_What you will do:_ Nothing but an exact copy is asked for: the lines in the material below from the one with "- Glitchy Glam." through the one with "Modern ve şık", pictures excluded.

══ Excerpted data ══

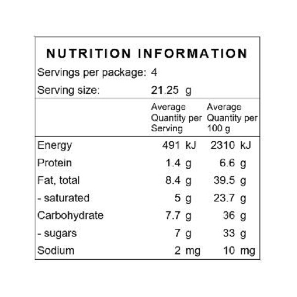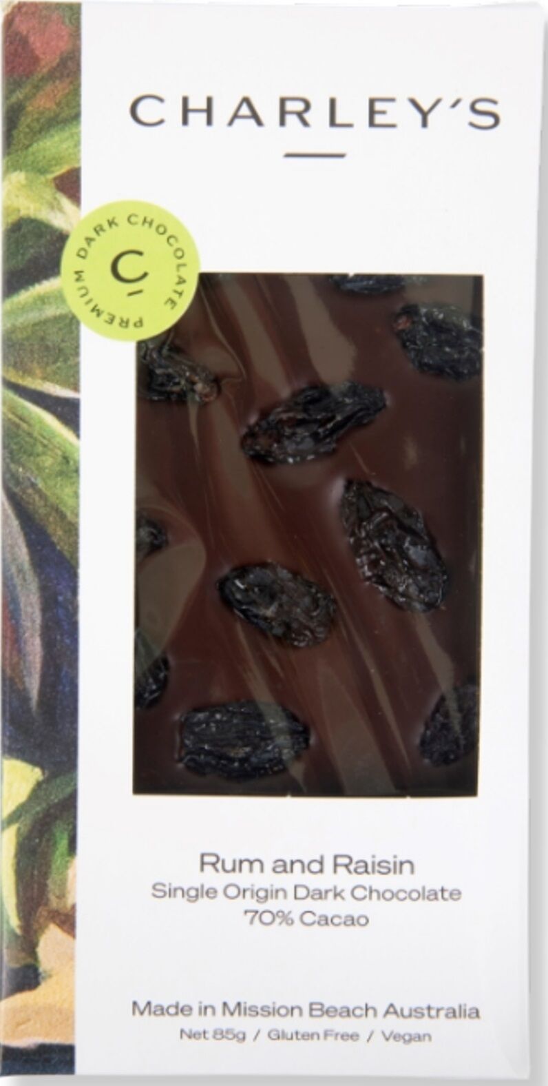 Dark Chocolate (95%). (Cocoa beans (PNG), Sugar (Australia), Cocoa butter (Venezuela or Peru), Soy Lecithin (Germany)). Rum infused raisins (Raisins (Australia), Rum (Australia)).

═══
══ Excerpted data ══

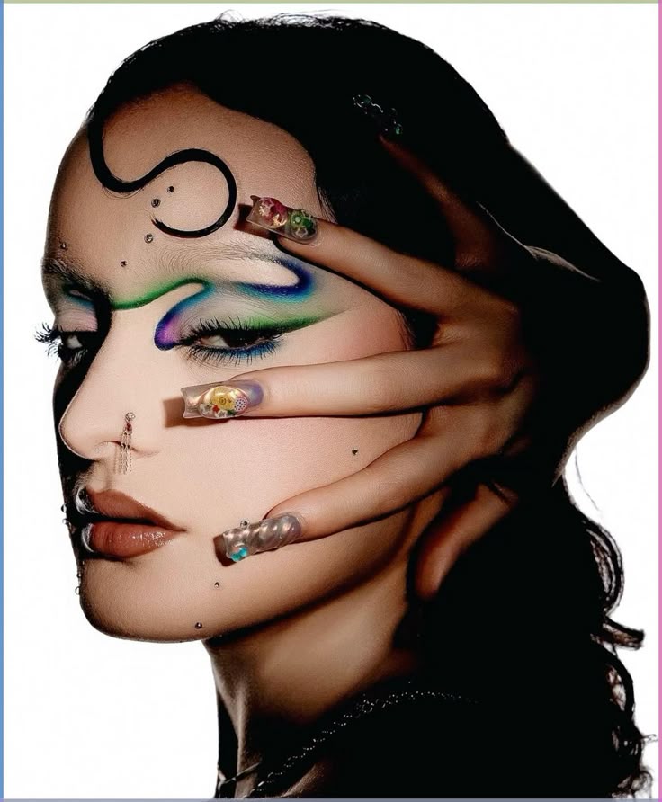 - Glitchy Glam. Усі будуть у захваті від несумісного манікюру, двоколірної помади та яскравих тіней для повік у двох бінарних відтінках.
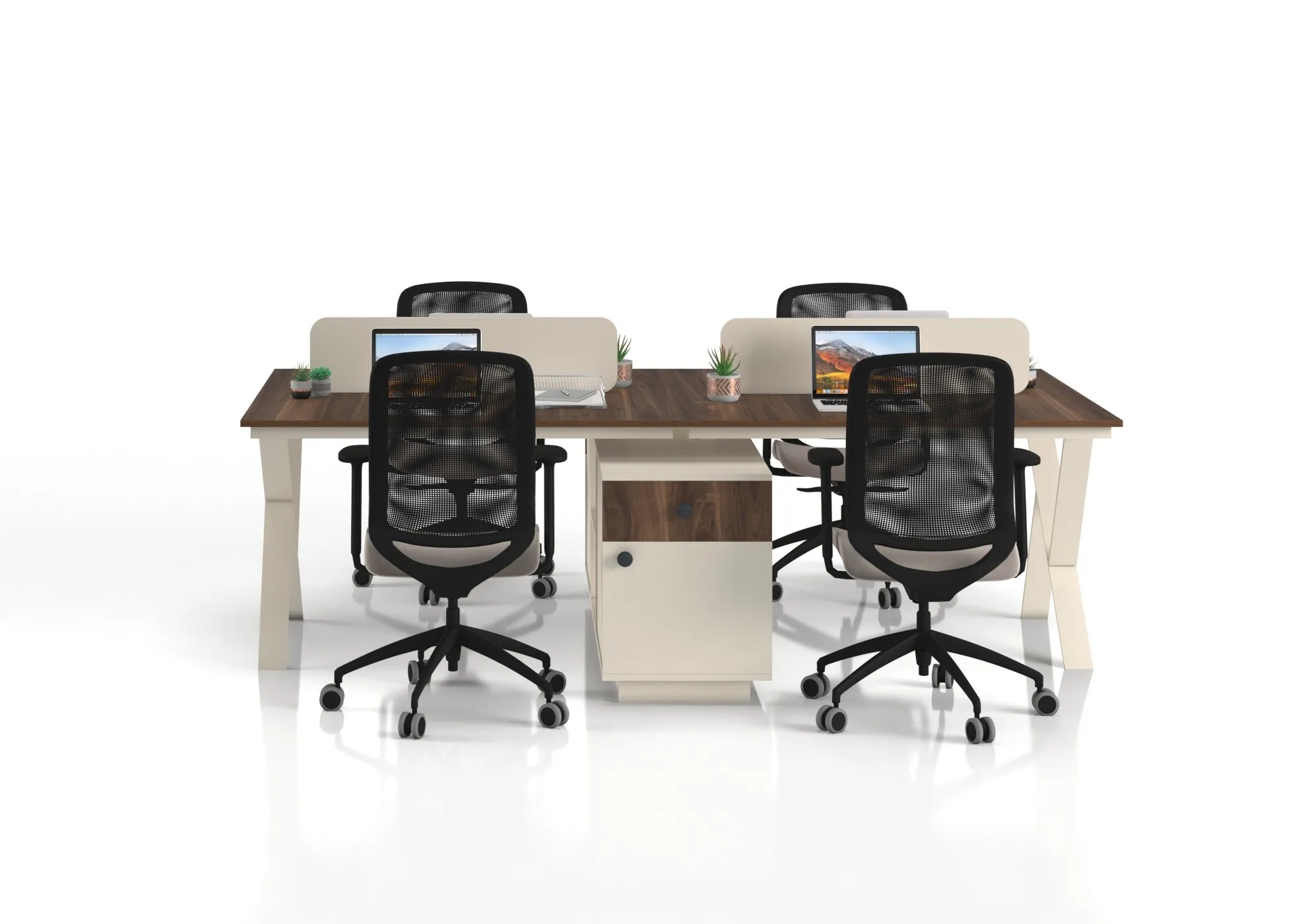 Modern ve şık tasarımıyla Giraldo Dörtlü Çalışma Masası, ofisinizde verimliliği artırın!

═══
══ Excerpted data ══

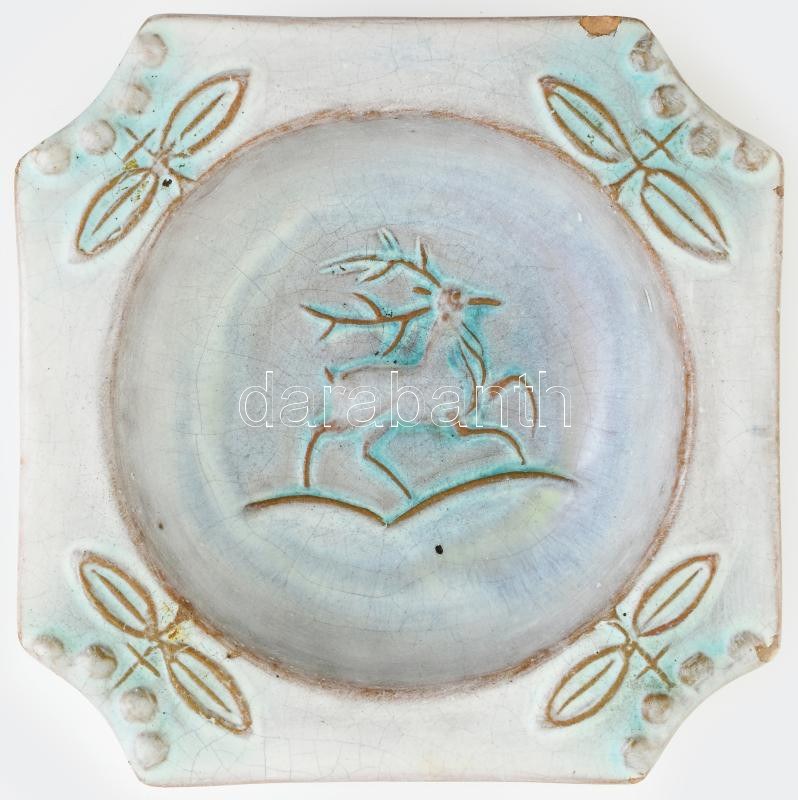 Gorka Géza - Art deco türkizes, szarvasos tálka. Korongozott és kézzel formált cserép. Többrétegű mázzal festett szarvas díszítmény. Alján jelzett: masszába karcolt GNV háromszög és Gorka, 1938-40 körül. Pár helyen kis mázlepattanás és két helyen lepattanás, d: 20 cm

═══

_Answer below:_
 - Glitchy Glam. Усі будуть у захваті від несумісного манікюру, двоколірної помади та яскравих тіней для повік у двох бінарних відтінках.
 Modern ve şık tasarımıyla Giraldo Dörtlü Çalışma Masası, ofisinizde verimliliği artırın!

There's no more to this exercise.